== Segment start ==

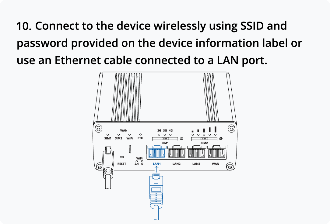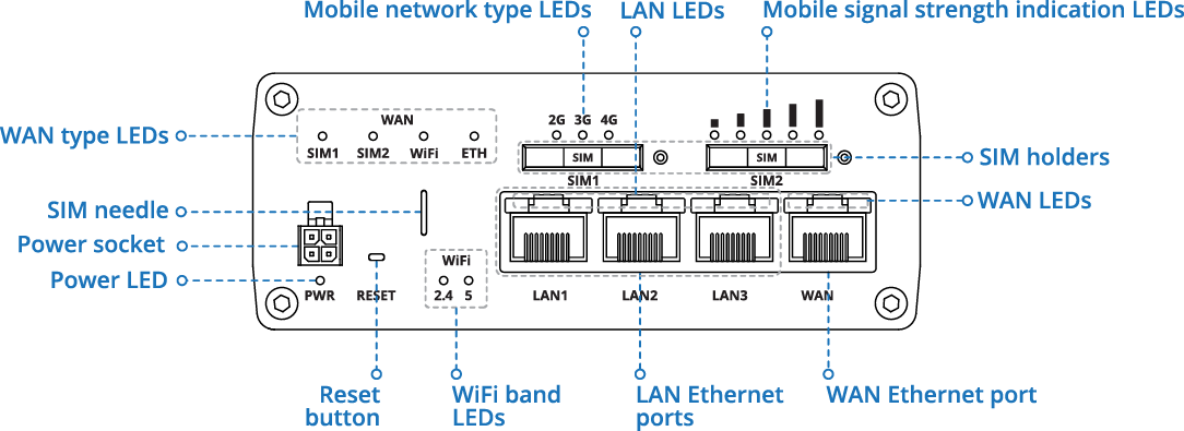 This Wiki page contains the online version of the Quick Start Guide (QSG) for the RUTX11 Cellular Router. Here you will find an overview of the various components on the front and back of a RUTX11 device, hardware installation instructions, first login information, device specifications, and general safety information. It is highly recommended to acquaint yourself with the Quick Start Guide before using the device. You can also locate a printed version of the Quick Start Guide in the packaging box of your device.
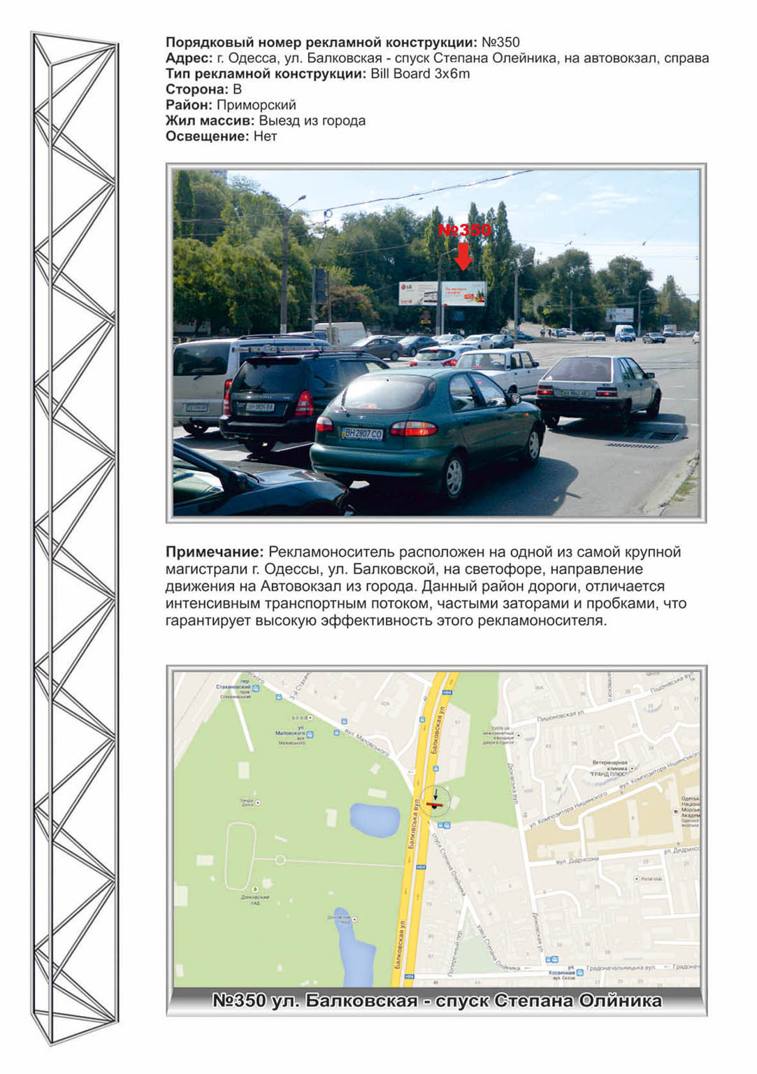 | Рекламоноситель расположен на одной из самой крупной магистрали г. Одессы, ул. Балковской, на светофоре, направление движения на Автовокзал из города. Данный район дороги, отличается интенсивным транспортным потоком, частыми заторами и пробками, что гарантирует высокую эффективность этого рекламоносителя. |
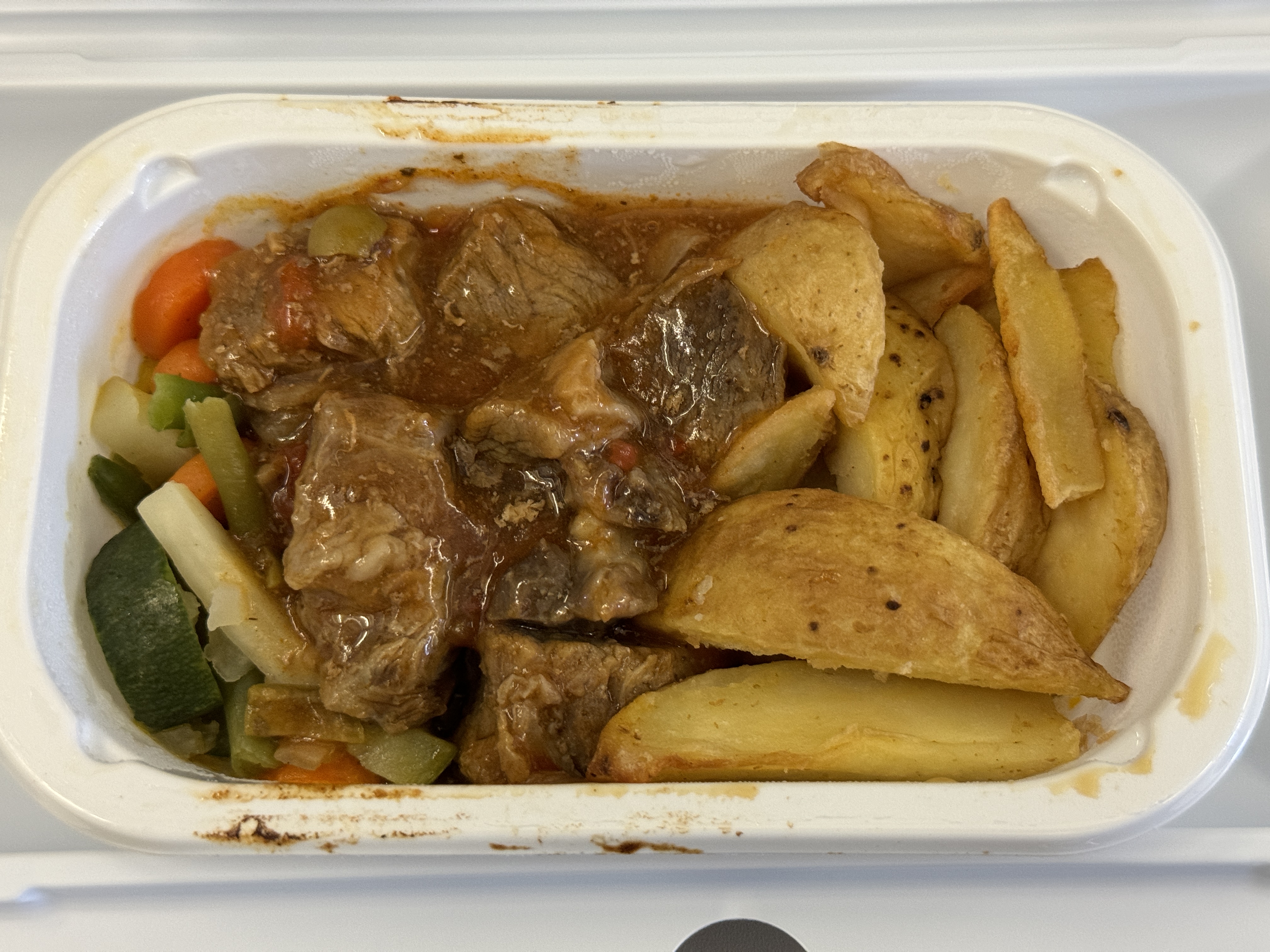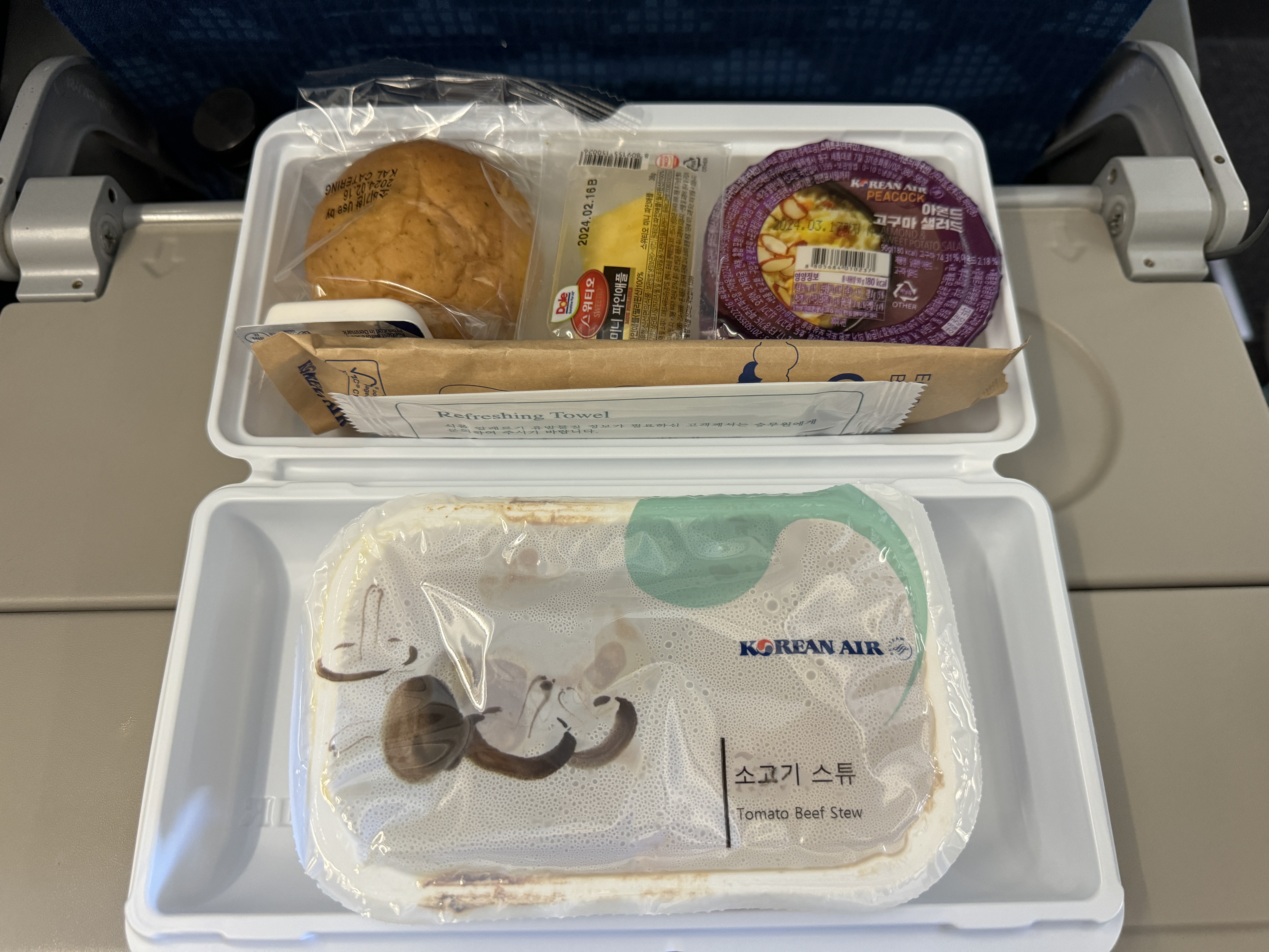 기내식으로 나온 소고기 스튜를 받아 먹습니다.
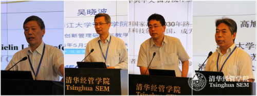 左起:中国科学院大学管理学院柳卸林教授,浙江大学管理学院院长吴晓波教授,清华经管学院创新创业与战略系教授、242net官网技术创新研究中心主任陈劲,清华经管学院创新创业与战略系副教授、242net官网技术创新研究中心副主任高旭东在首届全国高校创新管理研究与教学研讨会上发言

== Segment end ==

Everything in the listing except the pictures must come back exactly as written.

RESULT:
 This Wiki page contains the online version of the Quick Start Guide (QSG) for the RUTX11 Cellular Router. Here you will find an overview of the various components on the front and back of a RUTX11 device, hardware installation instructions, first login information, device specifications, and general safety information. It is highly recommended to acquaint yourself with the Quick Start Guide before using the device. You can also locate a printed version of the Quick Start Guide in the packaging box of your device.
 | Рекламоноситель расположен на одной из самой крупной магистрали г. Одессы, ул. Балковской, на светофоре, направление движения на Автовокзал из города. Данный район дороги, отличается интенсивным транспортным потоком, частыми заторами и пробками, что гарантирует высокую эффективность этого рекламоносителя. |
 기내식으로 나온 소고기 스튜를 받아 먹습니다.
 左起:中国科学院大学管理学院柳卸林教授,浙江大学管理学院院长吴晓波教授,清华经管学院创新创业与战略系教授、242net官网技术创新研究中心主任陈劲,清华经管学院创新创业与战略系副教授、242net官网技术创新研究中心副主任高旭东在首届全国高校创新管理研究与教学研讨会上发言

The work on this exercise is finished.